There are too many awesome projects to list here, I left out some other interesting projects like to keep this article reasonably short. You can always check CoinMarketCap yourself and find more projects.

So what now?
We have seen the power of blockchain and the positive sides of the crypto world, so we have to conduct a reality check and look at the "dark side of crypto". The most important problem that urgently requires solving is the power consumption. This page shows bitcoins power consumption:


The power consumption at the moment of typing is comparable to all of Switzerland. One single transaction can power about 32 US households for a day. On the other hand, this article compares the current banks and VISA's power consumption versus Bitcoin. It shows a rough estimate of all power consumption by the current banking system worldwide, which is of course more than bitcoin, but banks won't be completely replaced by Bitcoin. There will still be buildings and computers that need to be powered, even though the work on them will probably change.

The problem mainly exists because of the current financial incentive generated by what is called mining in the crypto world (also known as Proof Of Work). Users offer their computational power to compute the solution to a cryptographic problem for the next transaction (where many gamers expressed outrage, for whom graphics cards became an expensive purchase). If only there was another solution readily available for Byzantine fault tolerance.. Luckily some projects already adapted POS (Proof Of Stake) methodology, where users can stake to be a decision node on the network. Examples like Ethereum's Sharding and NEO's DBFT give me hope for a more eco-friendly solution.

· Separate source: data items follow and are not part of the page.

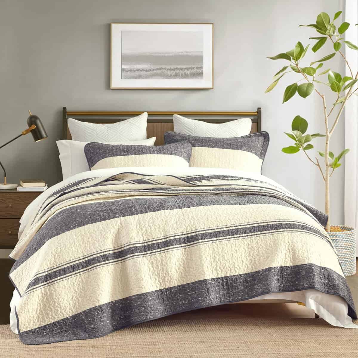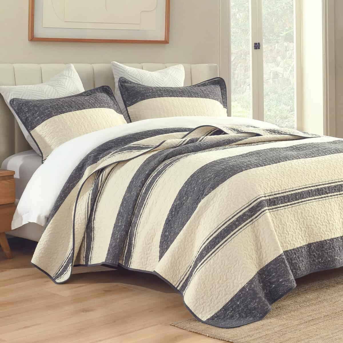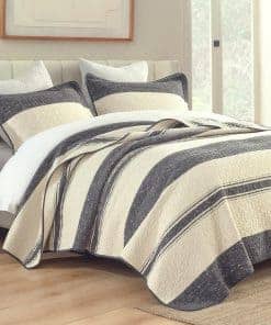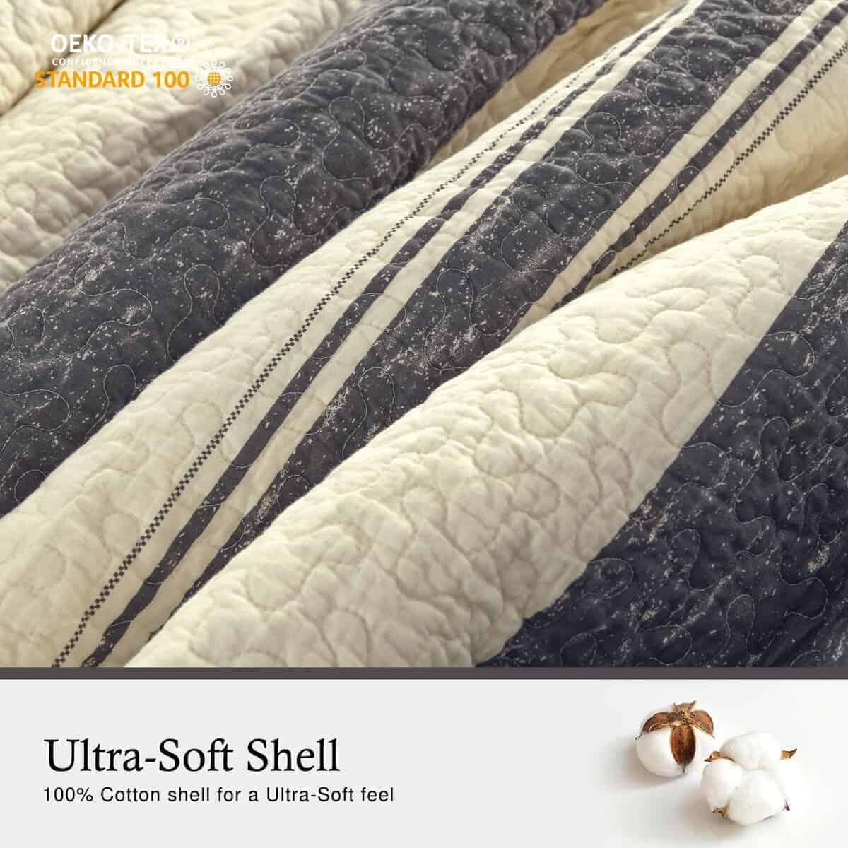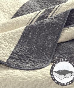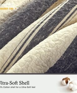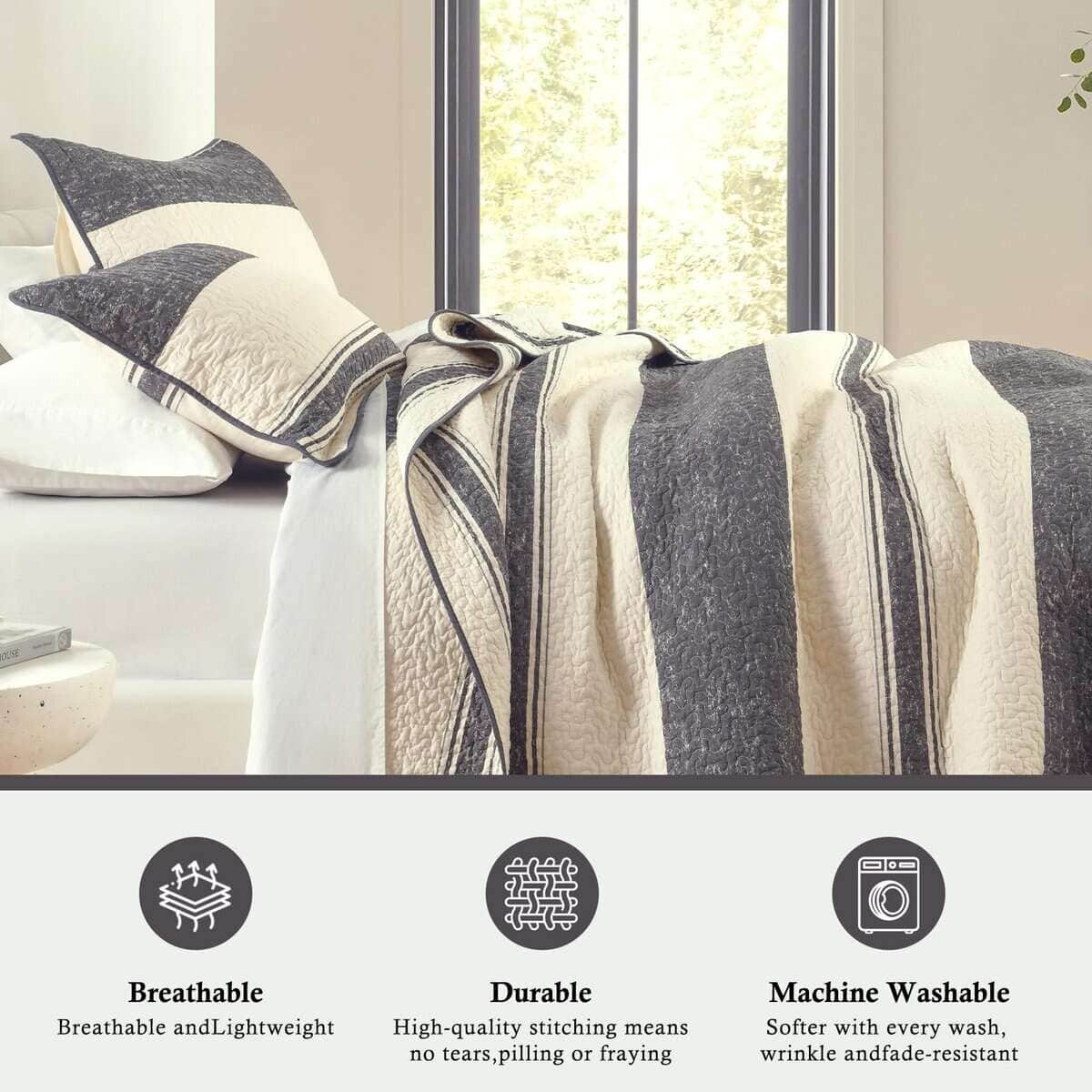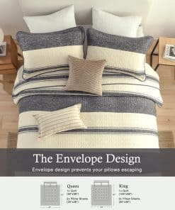 QuiltMuse presenta este elegante juego de edredón de algodón tamaño King en un atractivo color gris oscuro con un diseño de rayas que añade un toque de modernidad a cualquier habitación. El material 100% algodón de alta calidad asegura una excelente transpirabilidad para regular la temperatura del cuerpo y garantizar un sueño seco y confortable, ideal para aquellas personas que tienden a tener calor durante la noche.
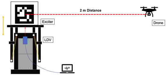 In this experiment, the UAV was able to capture the ArUco marker on the shaking table from the front. The amplitude of the shaking table was adjusted to about 4 cm based on the LDV, and the distance between the drone and the shaking table was maintained at about 2 m.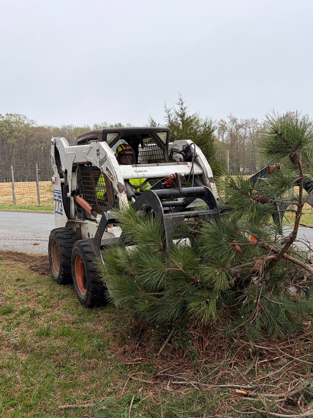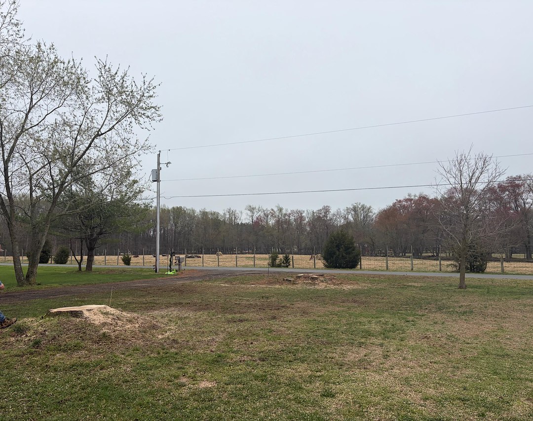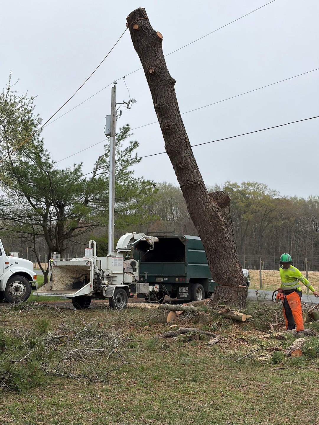 Recently in Denton, MD our team completed a tree removal where one of the trees, a Loblolly Pine, was growing into the power lines. The tree had grown close enough to the main distribution lines that it needed to be taken down to eliminate the hazard. We coordinated the work with the local utility to make sure the removal could be done safely and in compliance with Maryland regulations.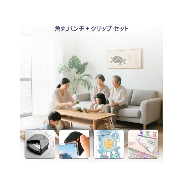【付属工具ですべてをカバーするオールインワンな機能性】 紙切りだけでなく、角丸めパンチと金属製ペーパークリップが付属。写真の角丸加工、グリーティングカード、製本ドキュメントの作成までこなします。クラフト、オフィス作業、学校の課題、スクラップブッキングなど、あらゆるシーンで活躍する万能ツールです。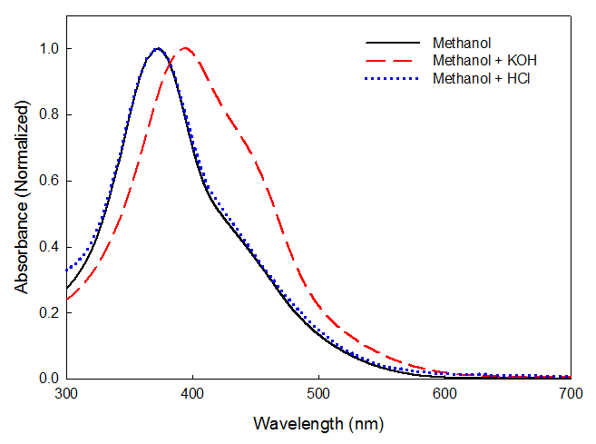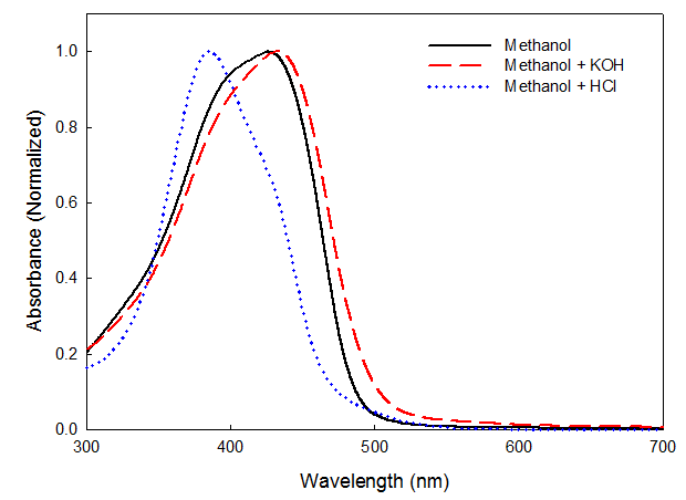 The absorption spectra of the dyes in methanol were quite sensitive to the addition of base (potassium hydroxide, ). Therefore, the λmax of dyes 3(a-g) showed bathochromic shifts with the addition of base to methanol. For example, λmax of 3a was recorded at 371 nm in methanol and 392 nm in methanol + KOH. λmax of was recorded at 426 nm in methanol and 432 nm in methanol + KOH (Fig.3).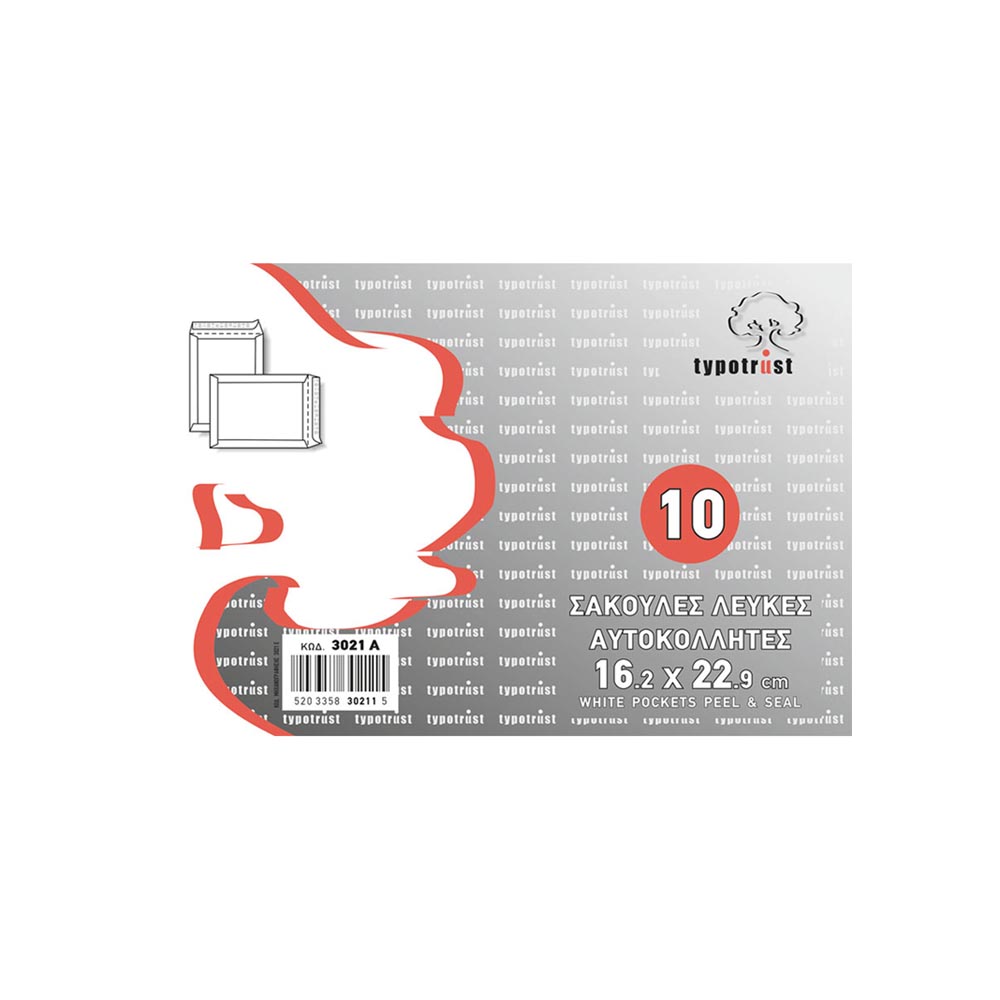 ΦΑΚΕΛΟΣ ΑΛΛΗΛΟΓΡΑΦΙΑΣ ΣΑΚΟΥΛΑ ΛΕΥΚΟ ΑΥΤΟΚΟΛΛΗΤΟΣ 16,2×22,9 ΕΚ. ΠΑΚΕΤΟ 10 ΤΕΜΑΧΙΑ TYPOTRUST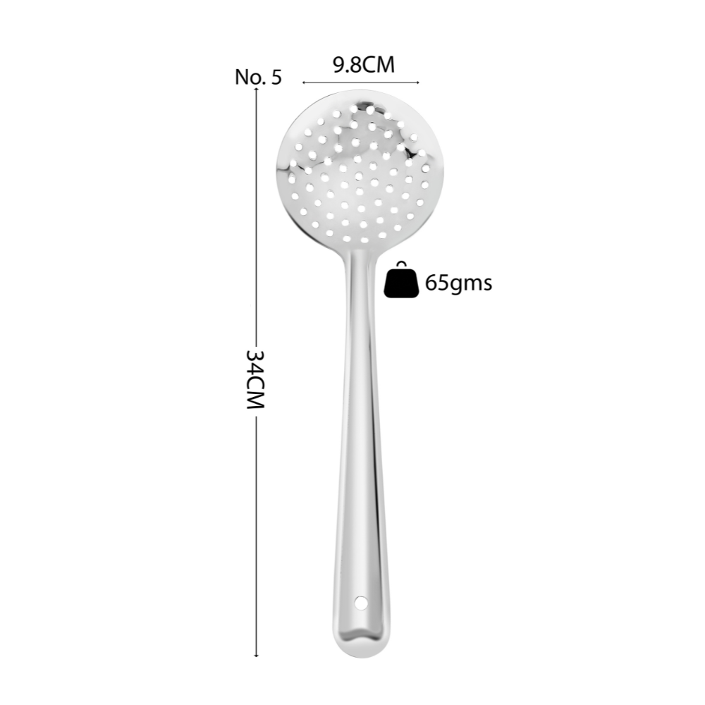 - Useful: A versatile set of 2 skimmers, perfect for skimming, straining and serving in various culinary tasks. Ideal for Puris, Pakodas, Nuggets, Fried Items, Rice and Serving.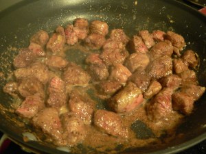 Brown about half of the seasoned stew meat at a time in the butter for about a minute on both sides. When nice and brown, transfer meat to a bowl and set aside.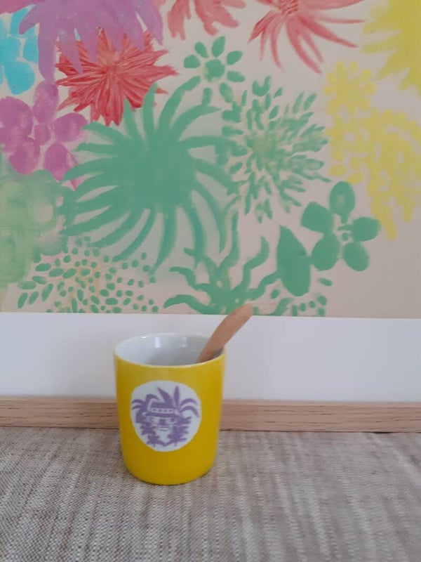 ensemble de 6 jolis petits verres/ gobelets à café couleurs Printemps-été ( ) peint main , en porcelaine de limoges, flora coloris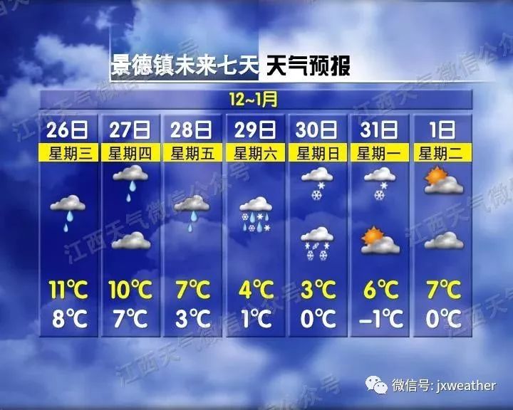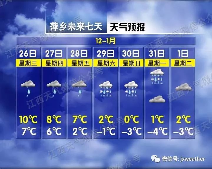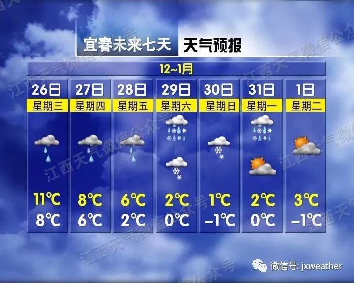 今天最高温度:赣西北8〜10℃;赣南14〜16℃,全省其他地区10〜12℃。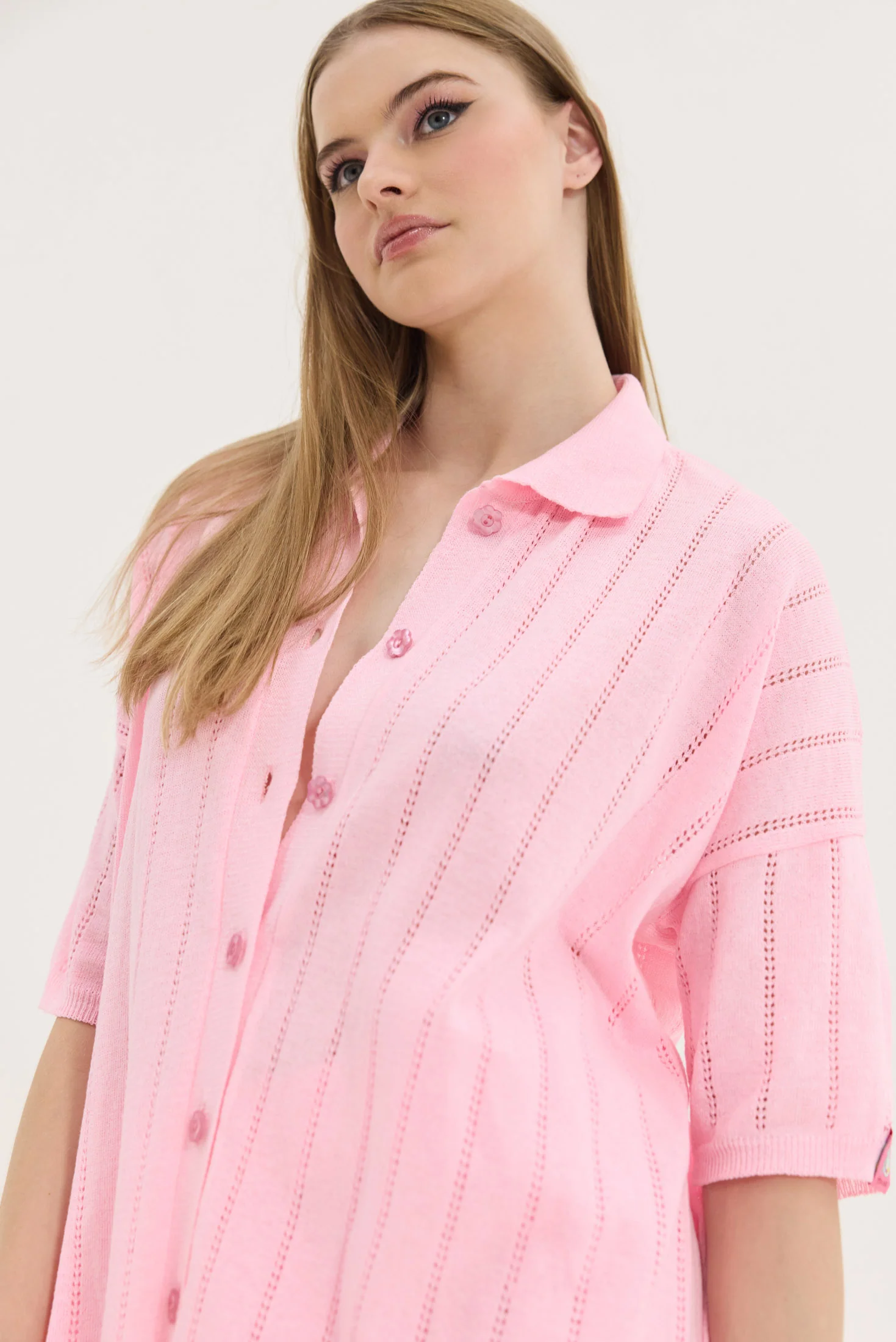 Το HEMITHEA Azores Shirt (Pink) είναι ένα ιδιαίτερο πλεκτό πουκάμισο που συνδυάζει μοντέρνο design και άνεση. Το έντονο ροζ χρώμα και η ελαφρώς διάτρητη πλεκτή ύφανση δημιουργούν ένα κομψό και ταυτόχρονα δροσερό κομμάτι για καθημερινές και καλοκαιρινές εμφανίσεις.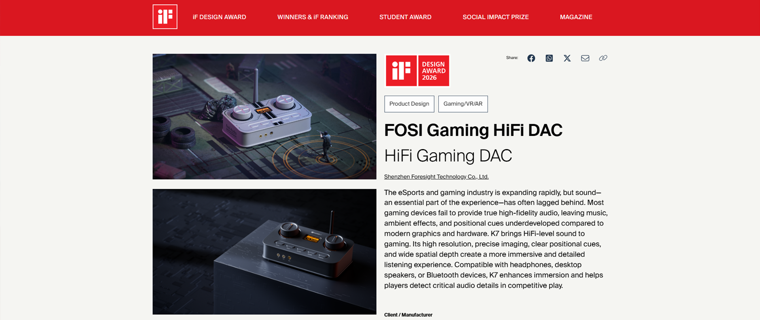 这几天在工位上摸鱼时,偶然刷到Fosi Audio(弗西)K7解码耳放一体机拿下2026年德国iF设计大奖的消息。说实在的,我一点也不觉得意外。毕竟从2024年底上市以来,K7已经陆续把日本VGP大奖等七项国际荣誉收入囊中。这次获奖,不过是给它本就琳琅满目的奖杯柜里,再添一枚意料之中的勋章。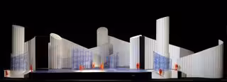 La superficie útil de la plataforma del escenario será de 36 metros de largo por 16 metros de fondo y las alturas máximas se situarán entre los 14 metros de la columna más alta a los 6 metros de la más baja. Los escenógrafos aprovecharán además el interior de estos pilares para cubrir las luminarias y torres de sonido a fin de que estos elementos técnicos queden completamente integrados en el decorado.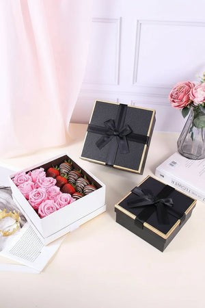 Make every gift feel special with our Elegant Bow-Tied Square Flower Gift Boxes – a luxurious set of 3 rigid boxes in assorted sizes. Crafted with premium textured paper, shimmering gold-edge lids, and a satin ribbon bow, these sturdy boxes bring an elegant touch to weddings, birthdays, Valentine’s Day, anniversaries, and corporate gifting.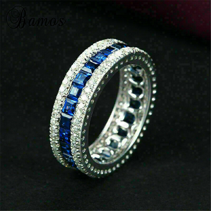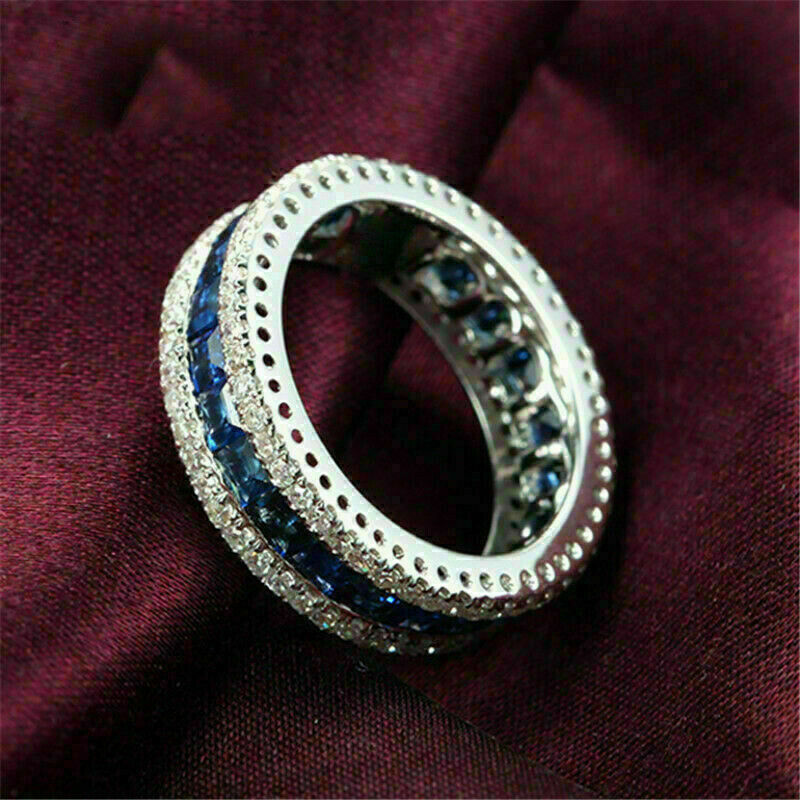 4Ct Princess Cut Blue Sapphire Full Eternity Wedding Band 14K White Gold Finish.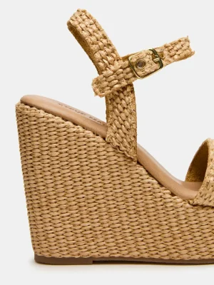 Elevate your summer wardrobe with the PALM NATURAL RAFFIA platform wedge sandal. Crafted with raffia materials, this sandal offers a breathable, lightweight design perfect for warm weather. The platform wedge provides stable height and support, ensuring comfort throughout your day. Its versatile neutral tone pairs effortlessly with both casual and upscale looks, making it an expert choice for style and functionality.

A second problem is found when looking at the current state of the crypto world. There are currently around 1600 currencies in existense, of which most projects will completely fail, or are complete scams. This seems to be comparable to the dot-com bubble, where many internet startups went bankrupt when the market collapsed.

Finally I see the statement "crypto makes money laundering way too easy" a lot. Guess when a similar statement also appeared: when everyone was speculating about the invention called "the internet". I can't say it isn't a problem, but removing all privacy from the crypto space isn't the solution either.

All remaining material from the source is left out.